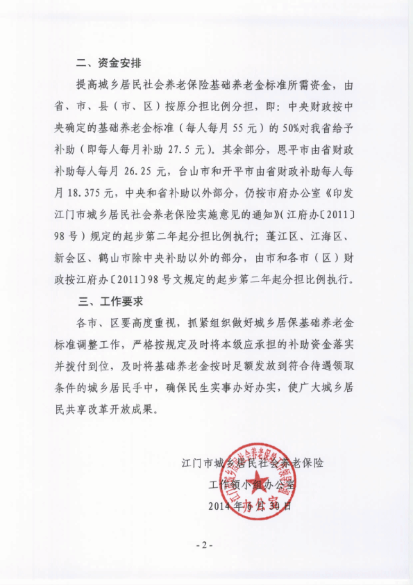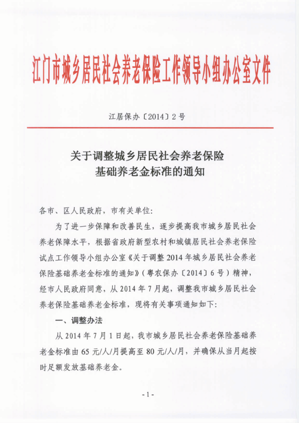 关于调整城乡居民社会养老保险基础养老金标准的通知
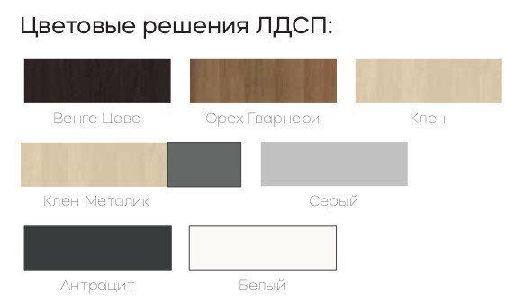 Цвета ЛДСП: Орех Гварнери, Серый, Белый, Клен Металлик, Венге Цаво, Клен, Антрацит.
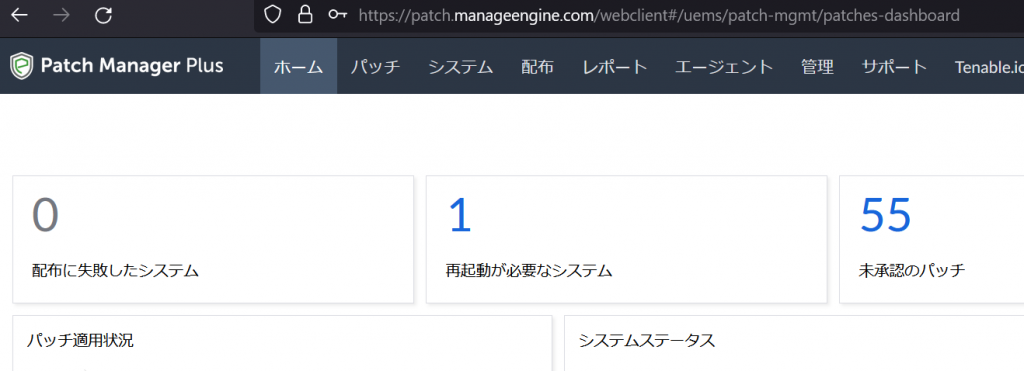 (「パッチ」タブ > 適用可能なパッチ の「欠落システム」欄が1以上の数字、
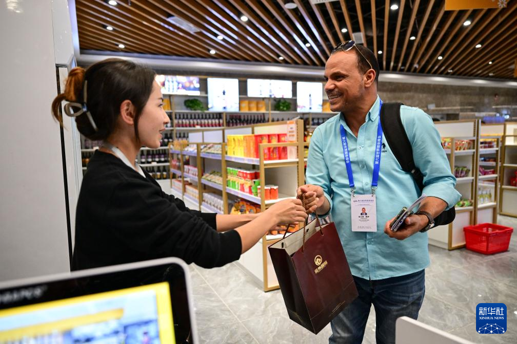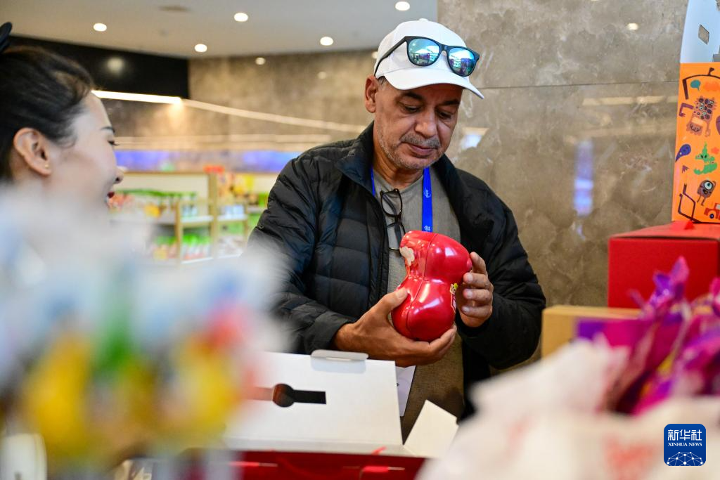10月15日,与会嘉宾在新疆喀什跨境电商进出口商品展示交易中心购买纪念品。
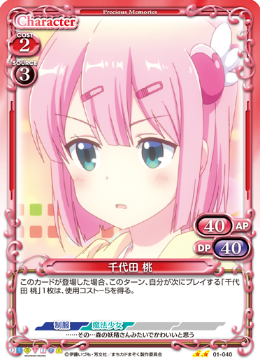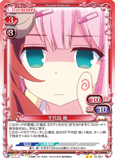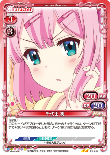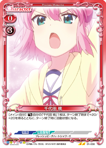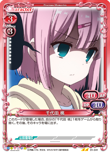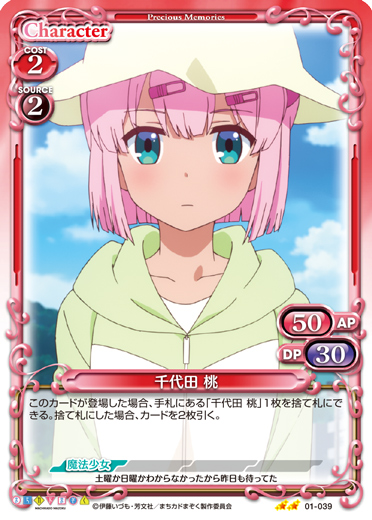 | このカードが登場した場合、このターン、自分が次にプレイする「千代田 桃」1枚は、使用コスト-5を得る。 | ||
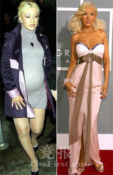 流行歌手克里斯蒂娜挺大肚腳蹬高跟鞋出門(圖)
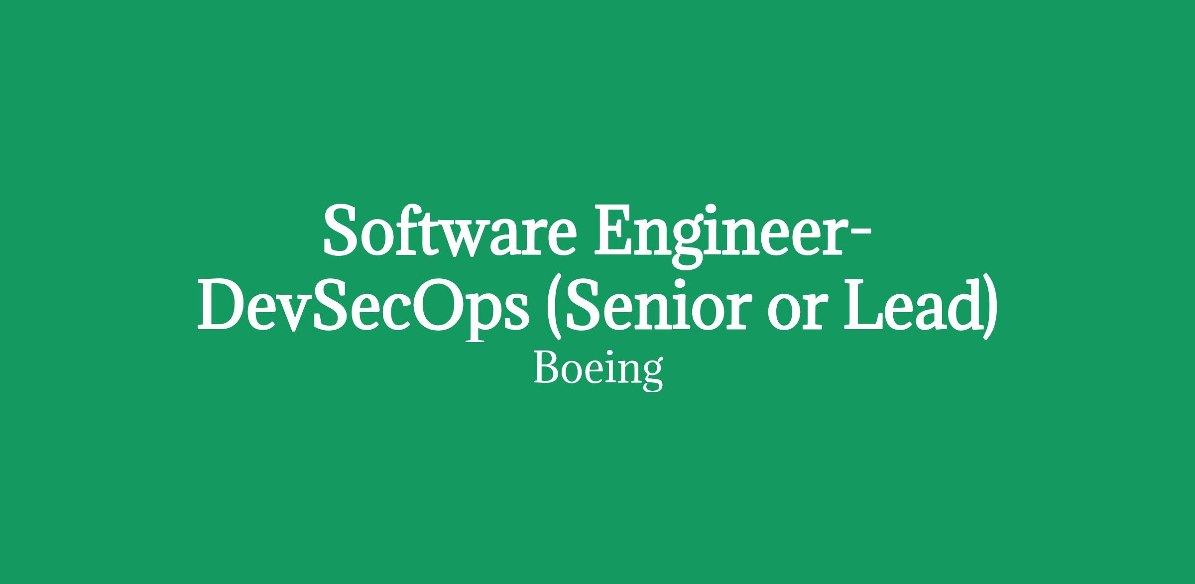 The Boeing Company is currently seeking a Software Engineer-DevSecOps (Senior or Lead) to support our E7A Software Development Environments team located in Tukwila, Washington.
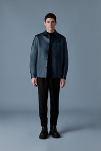REMINGTON is an unlined overshirt made from luxurious two-tone colored leather. Sharply tailored, it features a classic collar and front button closure. Raw edge construction with edge paint, matching the interior color of the two-tone leather, is noticeable at the collar, cuffs, and chest pocket. Classic ready-to-wear staple with subtle elevated detailing throughout. - Two-tone colored leather overshirt - Side seam pocket - Edge painted finishing - Classic collar - Debossed "MACKAGE" at patch pocket - Button front closure - Adjustable sleeve cuffs with buttons - Regular fit - Horn Buttons SIZE & FIT - REGULAR – Classic fit allowing comfort and style. - Designed to be worn with heavier layers. - The model is 6'2" (187 cm) and wears a size 40. - Coat length from shoulder to hem: 29.5'' / 75 cm. COMPOSITION & CARE INSTRUCTIONS - Shell: 100% lamb leather. - Dry clean by leather specialist using oil-based solvent only. Do not use perchloroethylene.
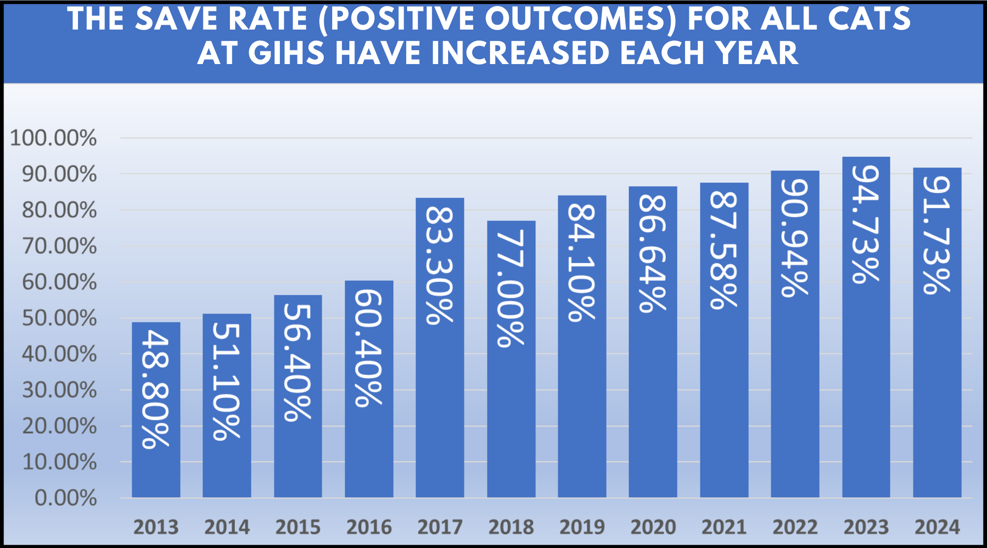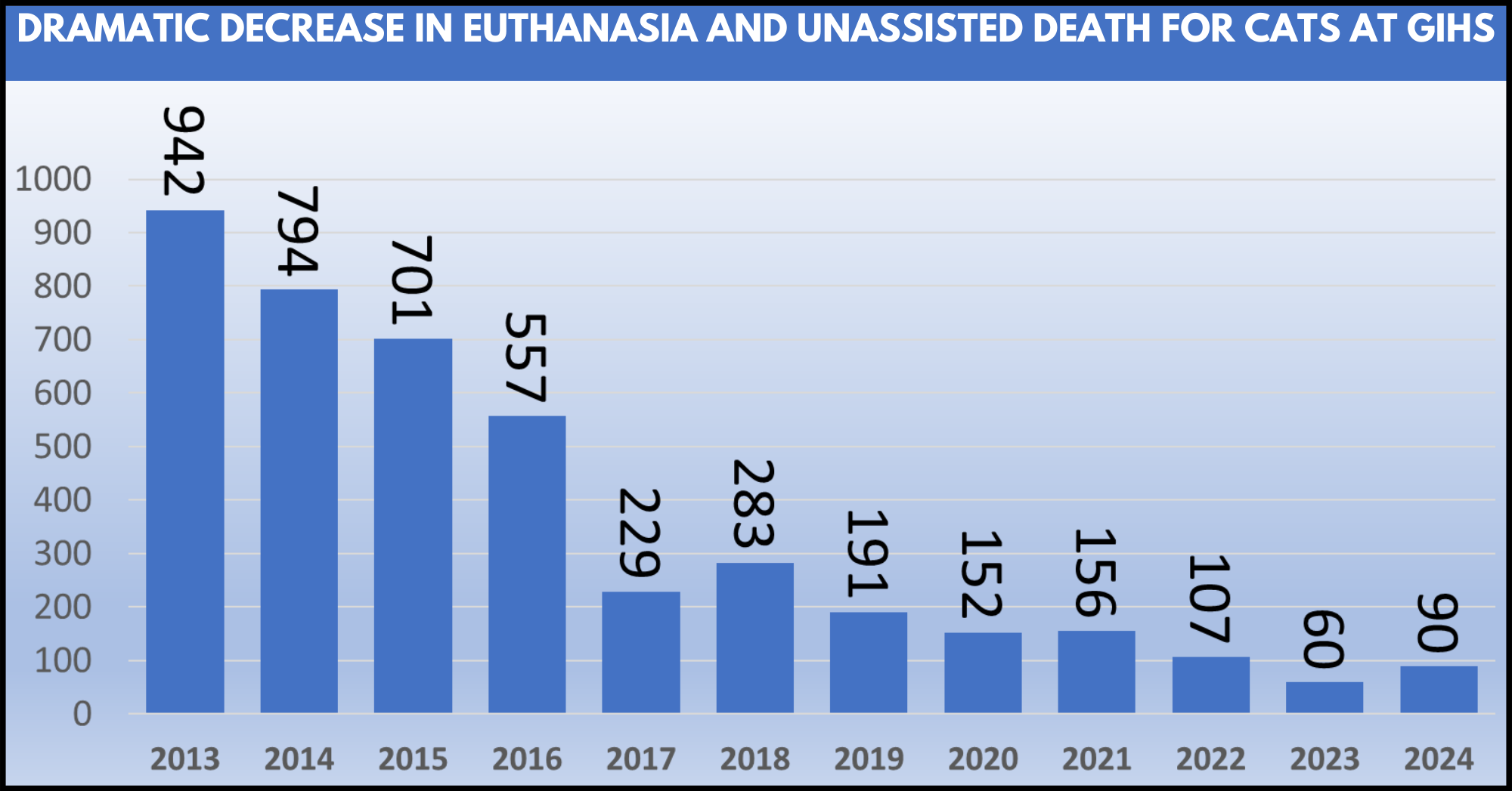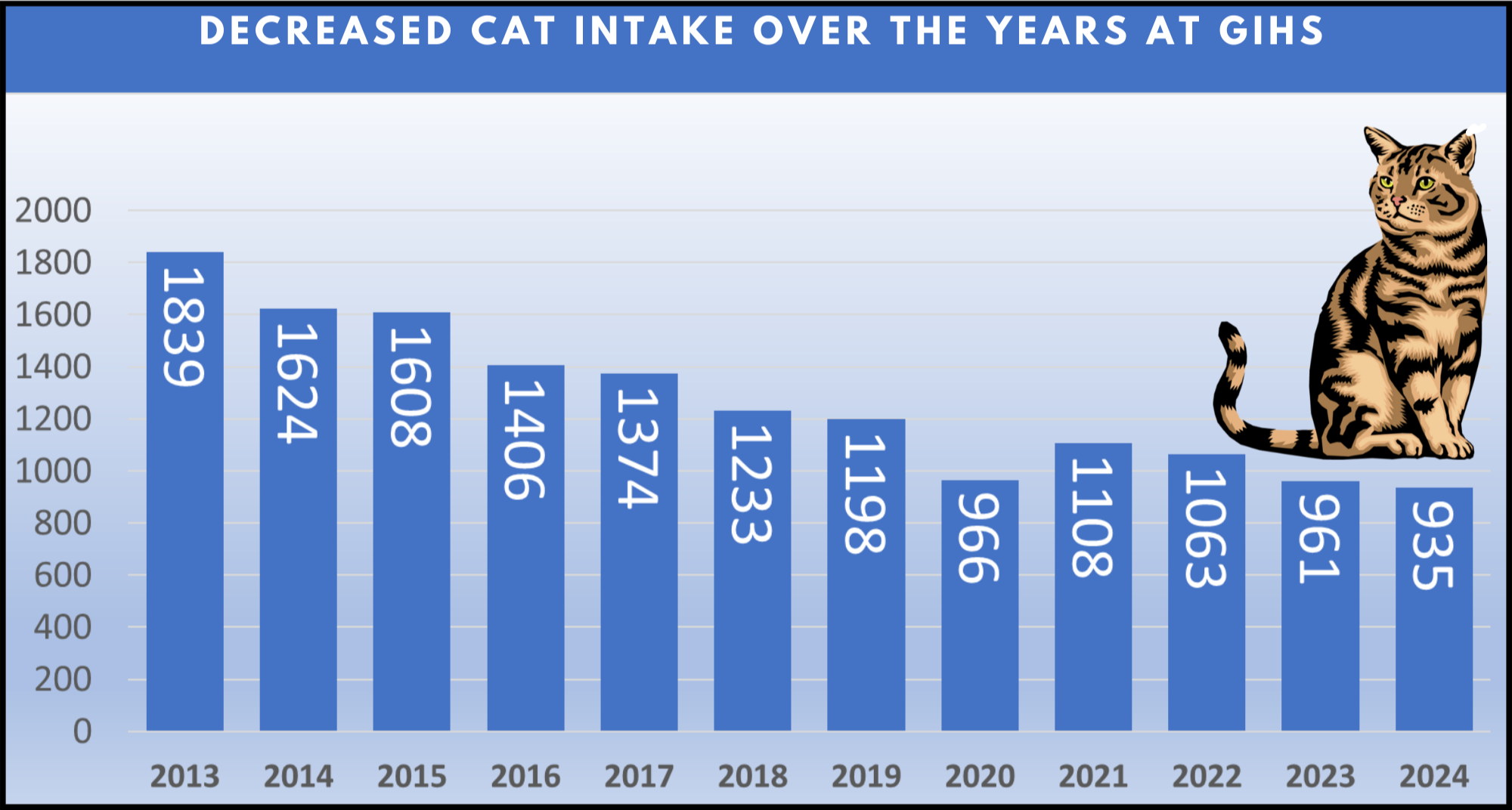 The main goal of the program is to reduce the annual intake of feral cats at GIHS as well as those running the streets. The live release rates at the GIHS have steadily increased over the years that this program has been in existence and our yearly intake has taken a nosedive, as shown by the following statistics:
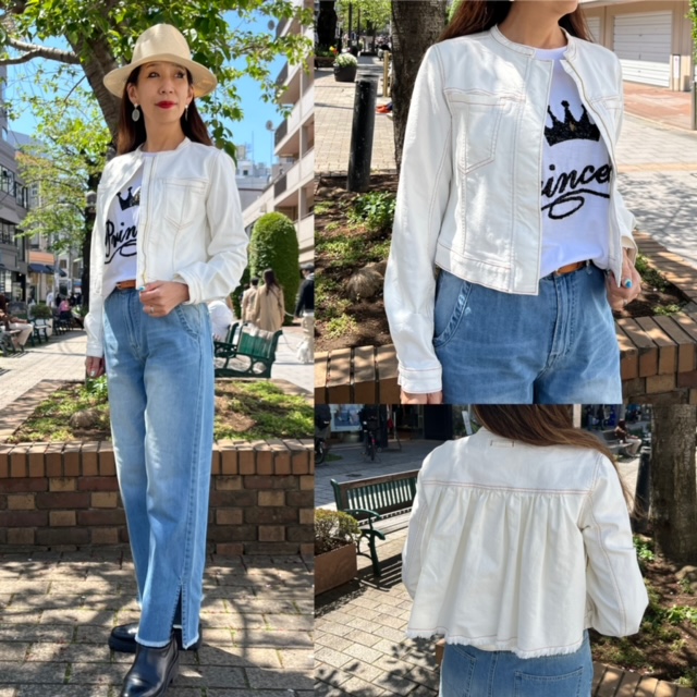 ホワイトデニムのJK💕 スッキリしたノーカラーのホワイトデニムのジャケットは、どんなアイテムにもしっかりとおさまって、ヘビロテできる💕😍 コンパクトに見えて、とても伸縮するので、ストレスフリー💕 朝晩の冷え込みにも一枚あると安心なアイテム。 お色違いは、サックスブルー 、インディゴカラーも再入荷しております。 コンパクトなシルエットなので、小柄さんにもお薦めです。 ウォッシャブル⭐️⭐️⭐️ ジャケット ¥19000+tax💕 サイズ 38 モデル 168cm ビジューTシャツ ¥6400+tax💕 コメントは受け付けていません。
========================================================================
Required action: Retype only the lines from the line with "10月15日,与会嘉宾在新疆喀什跨境电商进出口商品展示交易中心购买纪念品。" through the last line of the data. Keep both ends and skip the pictures.

Completed task:
10月15日,与会嘉宾在新疆喀什跨境电商进出口商品展示交易中心购买纪念品。
 | このカードが登場した場合、このターン、自分が次にプレイする「千代田 桃」1枚は、使用コスト-5を得る。 | ||
 流行歌手克里斯蒂娜挺大肚腳蹬高跟鞋出門(圖)
 The Boeing Company is currently seeking a Software Engineer-DevSecOps (Senior or Lead) to support our E7A Software Development Environments team located in Tukwila, Washington.
REMINGTON is an unlined overshirt made from luxurious two-tone colored leather. Sharply tailored, it features a classic collar and front button closure. Raw edge construction with edge paint, matching the interior color of the two-tone leather, is noticeable at the collar, cuffs, and chest pocket. Classic ready-to-wear staple with subtle elevated detailing throughout. - Two-tone colored leather overshirt - Side seam pocket - Edge painted finishing - Classic collar - Debossed "MACKAGE" at patch pocket - Button front closure - Adjustable sleeve cuffs with buttons - Regular fit - Horn Buttons SIZE & FIT - REGULAR – Classic fit allowing comfort and style. - Designed to be worn with heavier layers. - The model is 6'2" (187 cm) and wears a size 40. - Coat length from shoulder to hem: 29.5'' / 75 cm. COMPOSITION & CARE INSTRUCTIONS - Shell: 100% lamb leather. - Dry clean by leather specialist using oil-based solvent only. Do not use perchloroethylene.
 The main goal of the program is to reduce the annual intake of feral cats at GIHS as well as those running the streets. The live release rates at the GIHS have steadily increased over the years that this program has been in existence and our yearly intake has taken a nosedive, as shown by the following statistics:
 ホワイトデニムのJK💕 スッキリしたノーカラーのホワイトデニムのジャケットは、どんなアイテムにもしっかりとおさまって、ヘビロテできる💕😍 コンパクトに見えて、とても伸縮するので、ストレスフリー💕 朝晩の冷え込みにも一枚あると安心なアイテム。 お色違いは、サックスブルー 、インディゴカラーも再入荷しております。 コンパクトなシルエットなので、小柄さんにもお薦めです。 ウォッシャブル⭐️⭐️⭐️ ジャケット ¥19000+tax💕 サイズ 38 モデル 168cm ビジューTシャツ ¥6400+tax💕 コメントは受け付けていません。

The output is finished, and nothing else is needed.